Hi,
I am using Kafka Spark cluster for real time aggregation analytics use case
in production.
Cluster details
6 nodes, each node running 1 Spark and kafka processes each.
Node1 -> 1 Master , 1 Worker, 1 Driver,
1 Kafka process
Node 2,3,4,5,6 -> 1 Worker prcocess each 1
Kafka process each
Spark version 1.3.0
Kafka Veriosn 0.8.1
I am using Kafka Directstream for Kafka Spark Integration.
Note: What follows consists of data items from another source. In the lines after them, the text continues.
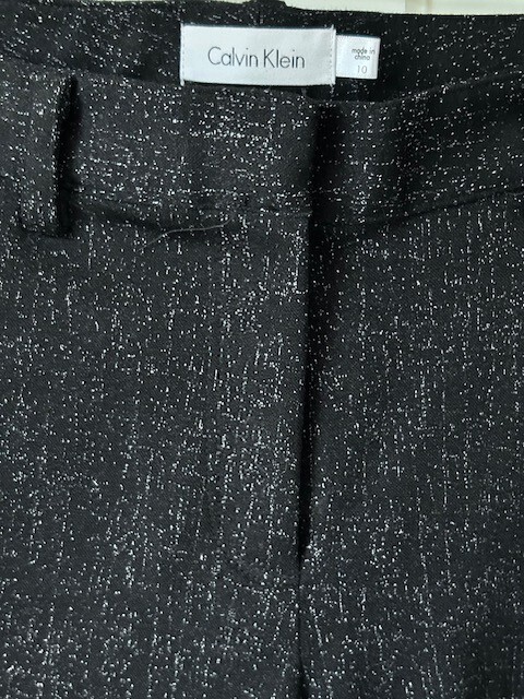 как выглядит Calvin Klein Pants Size 10 NWOT Black Gray Fleck Career Rayon Blend Skinny Legs фото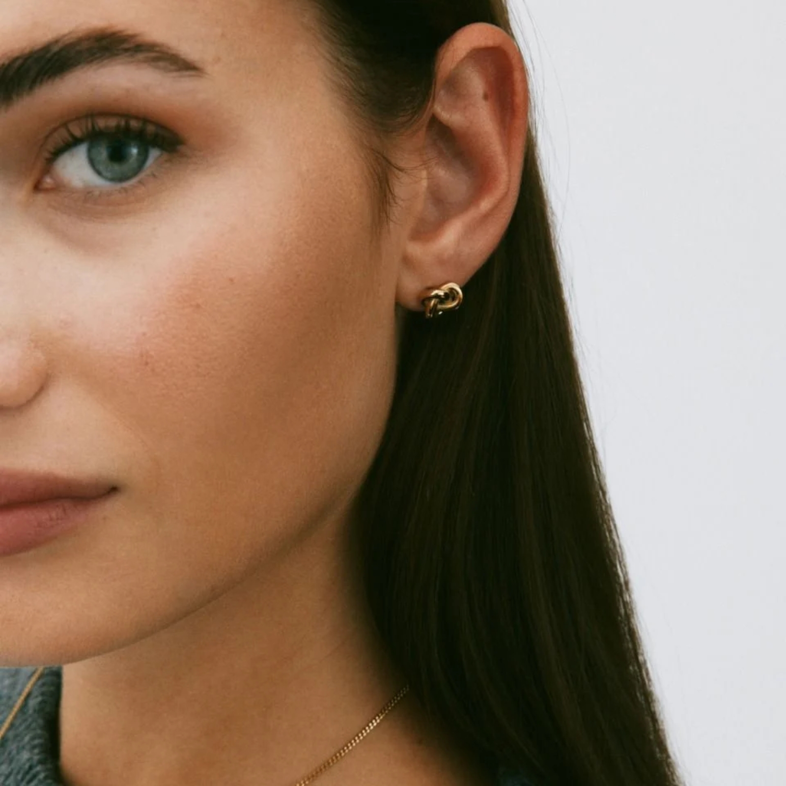 Den skulpturala evighetsknuten i serien Infinity Knot är en tidlös klassiker. De obrutna linjerna i knuten symboliserar kontinuitet. En kraftfull symbol som passar alla tillfällen. Här med knutformen i små, fina studs i 14K guldplätering. Fina att kombinera med seriens nättare halsband, armband eller ring.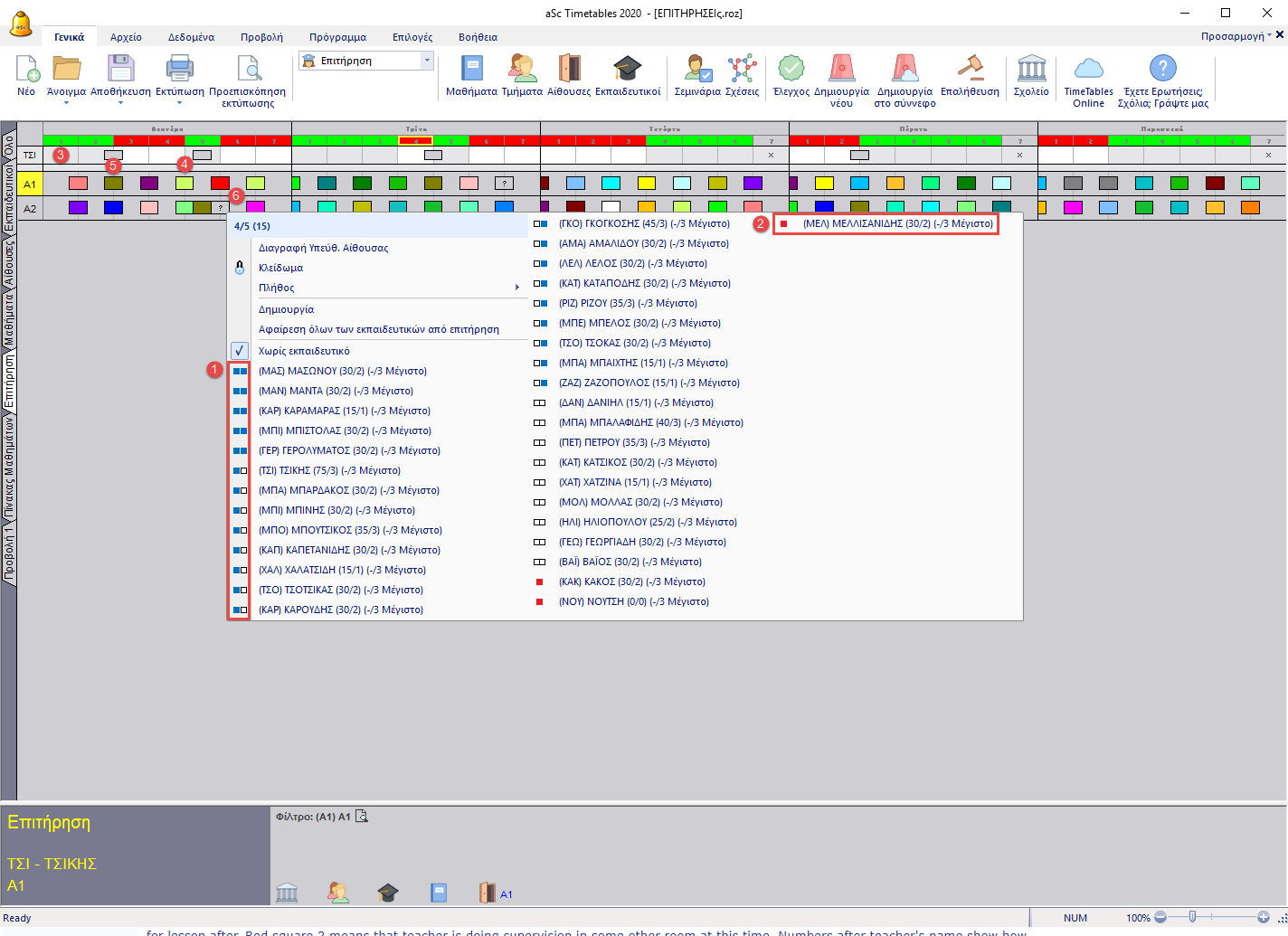 Το μενού που θα εμφανιστεί θα περιλαμβάνει όλους τους εκπαιδευτικούς που είναι διαθέσιμοι εκείνη την ώρα. Οι εκπαιδευτικοί κατατάσσονται, έτσι ώστε οι καλύτεροι εκπαιδευτικοί για να καλύψουν την επιτήρηση είναι πρώτοι. Τα χρωματιστά τετράγωνα σας δίνουν πληροφορίες σχετικά με τις διδασκαλίες των εκπαιδευτικών πριν και μετά την επιτήρηση. Τα πράσινα τετράγωνα σημαίνουν ότι ο εκπαιδευτικός διδάσκει κοντά στον χώρο της επιτήρησης. το μπλε ότι διδάσκει σε κάπου αλλού. Το κόκκινο τετράγωνο σημαίνει ότι ο εκπαιδευτικός έχει ήδη επιτήρηση κάπου αλλού. Οι αριθμοί μετά τα ονόματα των εκπαιδευτικών δείχνουν πόσες επιτηρήσεις έχει ήδη ο κάθε εκπαιδευτικός. (λεπτά/σύνολο).

Analytics code is written in using Spark Java API.
Problem Statement :
I want to accept a paramter as command line argument, and pass on to
the executors.
(want to use the paramter in rdd.foreach method which is executed on
executor)
I understand that when driver is started, only the jar is transported
to all the Workers.
But i need to use the dynamically passed command line argument in the
reduce operation executed on executors.
Code Snippets for better understanding my problem :
public class KafkaReconcilationJob {
private static Logger logger =
Logger.getLogger(KafkaReconcilationJob.class);
public static void main(String[] args) throws Exception {
CommandLineArguments.CLICK_THRESHOLD =
Integer.parseInt(args[12]);
-------------------------------------------------------> I want to use this
command line argument
}
}
JavaRDD<AggregatedAdeStats> adeAggregatedFilteredData =
adeAudGeoAggDataRdd.filter(new Function<AggregatedAdeStats, Boolean>() {
@Override
public Boolean call(AggregatedAdeStats adeAggregatedObj) throws Exception {
if(adeAggregatedObj.getImpr() > CommandLineArguments.IMPR_THRESHOLD ||
adeAggregatedObj.getClick() > CommandLineArguments.CLICK_THRESHOLD){
return true;
}else {
return false;
}
}
});
The above mentioned Filter operation gets executed on executor which has 0
as the value of the static field CommandLineArguments.CLICK_THRESHOLD
Regards,
Gaurav
|